[RFC] Add `modeling_xxx_fusion.py` to support kernel fusion
See original GitHub issueIntroduction
I am an engineer currently working on 3D model parallelism for transformers. When the tensor model parallelism (https://github.com/huggingface/transformers/pull/13726) is done, I am going to introduce kernel fusion feature to transformers.
For this, I want to create a new modeling file called modeling_xxx_fusion.py
. This work is currently being discussed with @stas00 and @RezaYazdaniAminabadi (DeepSpeed team).
Kernel fusion API
from transformers import BertForMaskedLM
# create model
model = BertForMaskedLM.from_pretrained("bert-base-cased")
# 1. fuse_modules
# `fuse_modules` is function level fusion, It supports a wide variety of models.

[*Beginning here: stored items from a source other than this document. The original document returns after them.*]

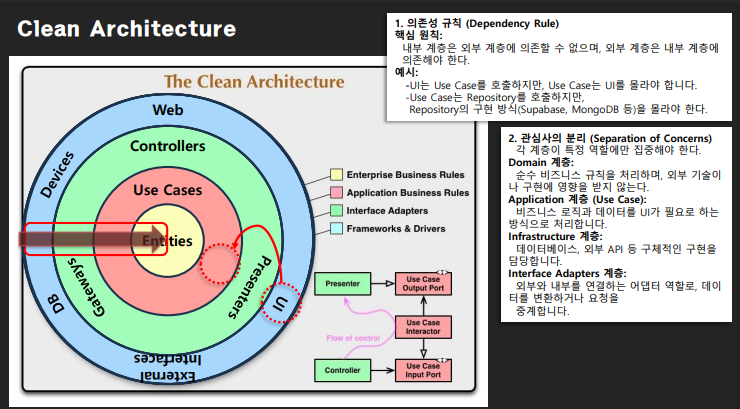 Clean Architecture : 로버트 C. 마틴 아키텍처로, 의존성 규칙에 따라 안쪽(비즈니스 규칙)과 바깥쪽(외부 인터페이스)을 엄격히 분리, 유지보수성과 테스트 용이성이 극대화된 설계 방식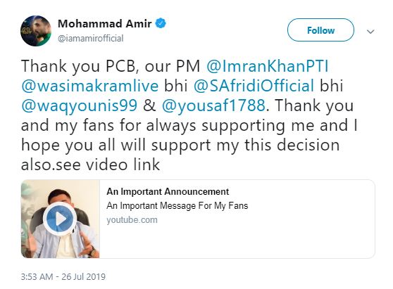 "Thank you, PCB, our PM @ImranKhanPTI @wasimakramlive Bhi @SAfridiOfficial Bhi @waqyounis99 & @yousaf1788. Thank you and my fans for always supporting me and I hope you all will support my this decision also see video link," Amir had tweeted.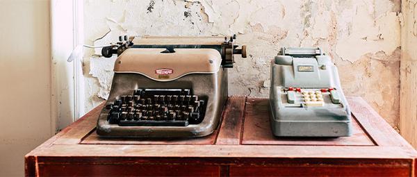 Alte Schreibmaschine und Telefon, von Dirk Matthiesen.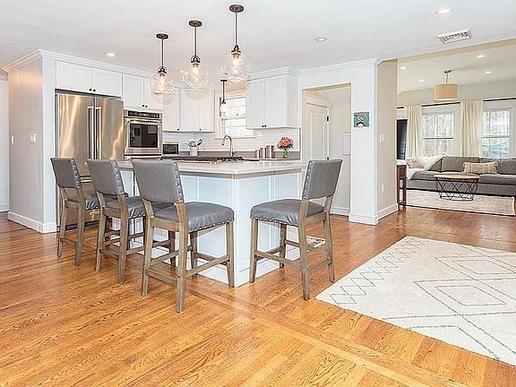- Features: Flooring - Hardwood, Dining Area, Countertops - Stone/Granite/Solid, Kitchen Island, Breakfast Bar / Nook, Cabinets - Upgraded, Open Floorplan, Recessed Lighting, Remodeled, Stainless Steel Appliances, Lighting - Pendant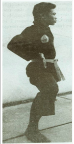 Gerakan / Kiraan 1Berdirilah dengan tegap dan kaki rapat, seperti ketika akan mengawali jurus satu. Kemudian ambil nafas yang dalam dengan perlahan melalui hidung dan tahanlah di dalam dada. Bersamaan dengan itu, buatlah posisi kuda-kuda tengan (ongkong-ongkong) dan letakkan kedua tangan di samping pinggang. Tarik kedua tangan anda itu ke belakang bersama dengan tarikan nafas, pergelangan tangan harus menempel/rapat pada pinggang dan hujung-hujung jari menghadap ke bawah. (Perhatikan gambar di atas ).

# all arguments is `True` as default
model.fuse_modules()
# fuse selective modules
model.fuse_modules(
word_embedding=True,
scale_mask_softmax=True,
layer_norm=True,
bias_act=True,
bias_dropout_residual=False,
cross_entropy=True,
)
# 2. fuse_layers
# `fuse_layers` is block level (attention & mlp) fusion, only a few models are supported.
# argument (`inference`) is `None` -> `not self.training` of `torch.nn.Module` as default.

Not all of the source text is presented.